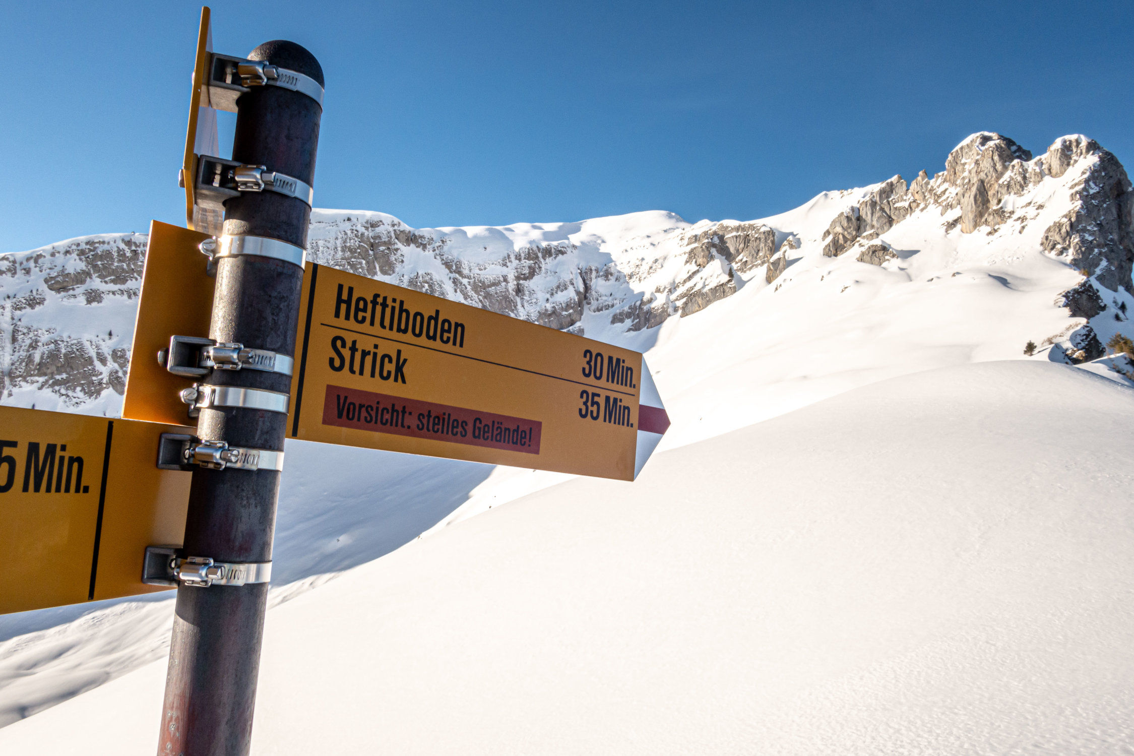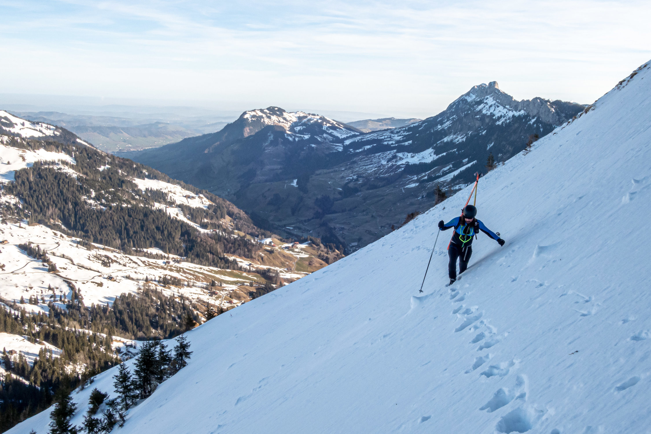 Start in Flühli Torbach direkt dem Skilifttrasse folgend weiter Richtung Emmental und von da zur Ober Gummenegg. Durch die Steilstufe auf den Strick. Von da weiter direkt dem Grat folgend rüber zum Heftiboden und weiter via Turm zum Hächle. Über die beiden Felseinschnitte weiter zum Hengst und dann vom Hengst bis zum Schibegütsch traversiert. Abfahrt zur Alp Schlund und Salwideli und kurzer Gegenanstieg um nach Sörenberg zu gelangen
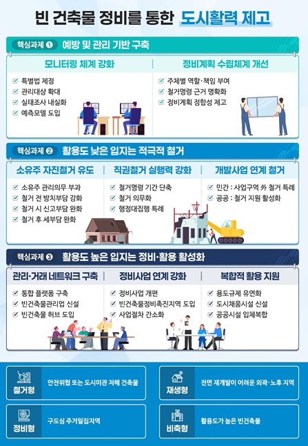 이에, 국토부는 ➊예방 및 관리 기반 구축, ➋활용도 낮은 빈 건축물의 적극적 철거, ➌활용도 높은 빈 건축물의 정비·활용 활성화 등 빈 건축물의 입체적 정비방안을 마련했다.
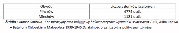 . Poniżej prezentuje w formie tabel stany organizacyjne członków BCH scalonych z AK w obwodach Miechów i Pińczów - rok 1944:
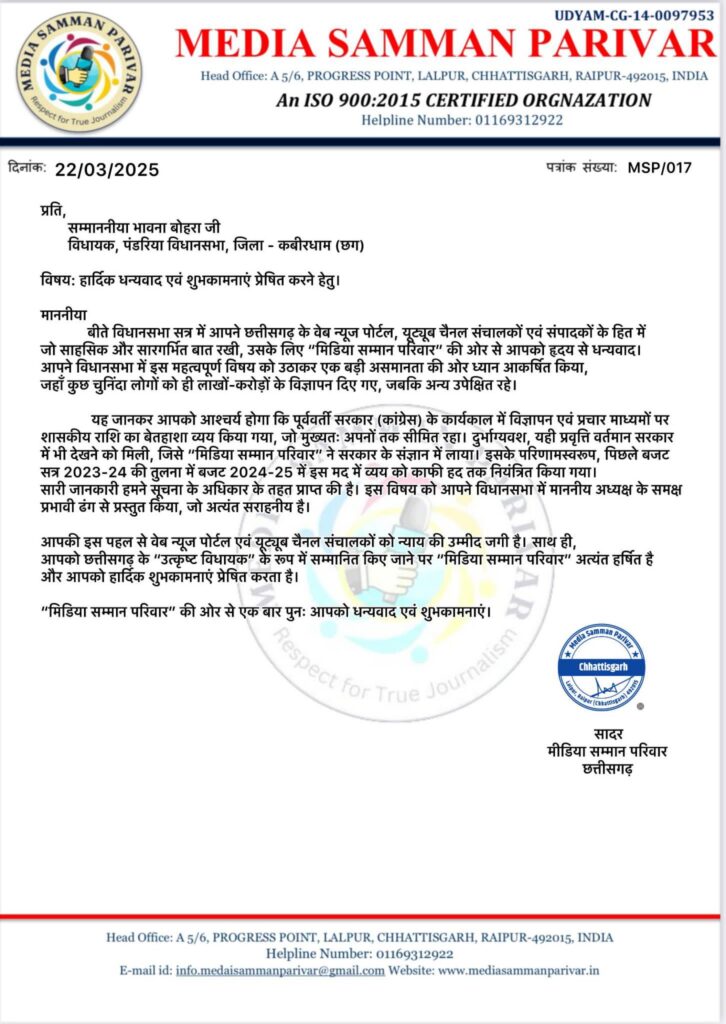 विधायक भावना बोहरा को धन्यवाद पत्र :- “मीडिया सम्मान परिवार” के सभी सदस्यों ने विधायक भावना बोहरा के इस साहसिक कदम का स्वागत किया और उनका आभार व्यक्त करने के लिए 22 मार्च 2025 को पत्र क्रमांक MSP/017 के माध्यम से आधिकारिक धन्यवाद पत्र भेजा। इस कदम से यह साफ हो गया कि डिजिटल पत्रकारिता को अब नजरअंदाज नहीं किया जा सकता और पत्रकारों की एकता सरकारी तंत्र में बदलाव लाने की ताकत रखती है।

◆ ◆ ◆ ◆ ◆

The task
Could you retype exactly the lines running from the one with "이에, 국토부는 ➊예방" to the end of the material above, pictures omitted?

Solved problem
 이에, 국토부는 ➊예방 및 관리 기반 구축, ➋활용도 낮은 빈 건축물의 적극적 철거, ➌활용도 높은 빈 건축물의 정비·활용 활성화 등 빈 건축물의 입체적 정비방안을 마련했다.
 . Poniżej prezentuje w formie tabel stany organizacyjne członków BCH scalonych z AK w obwodach Miechów i Pińczów - rok 1944:
 विधायक भावना बोहरा को धन्यवाद पत्र :- “मीडिया सम्मान परिवार” के सभी सदस्यों ने विधायक भावना बोहरा के इस साहसिक कदम का स्वागत किया और उनका आभार व्यक्त करने के लिए 22 मार्च 2025 को पत्र क्रमांक MSP/017 के माध्यम से आधिकारिक धन्यवाद पत्र भेजा। इस कदम से यह साफ हो गया कि डिजिटल पत्रकारिता को अब नजरअंदाज नहीं किया जा सकता और पत्रकारों की एकता सरकारी तंत्र में बदलाव लाने की ताकत रखती है।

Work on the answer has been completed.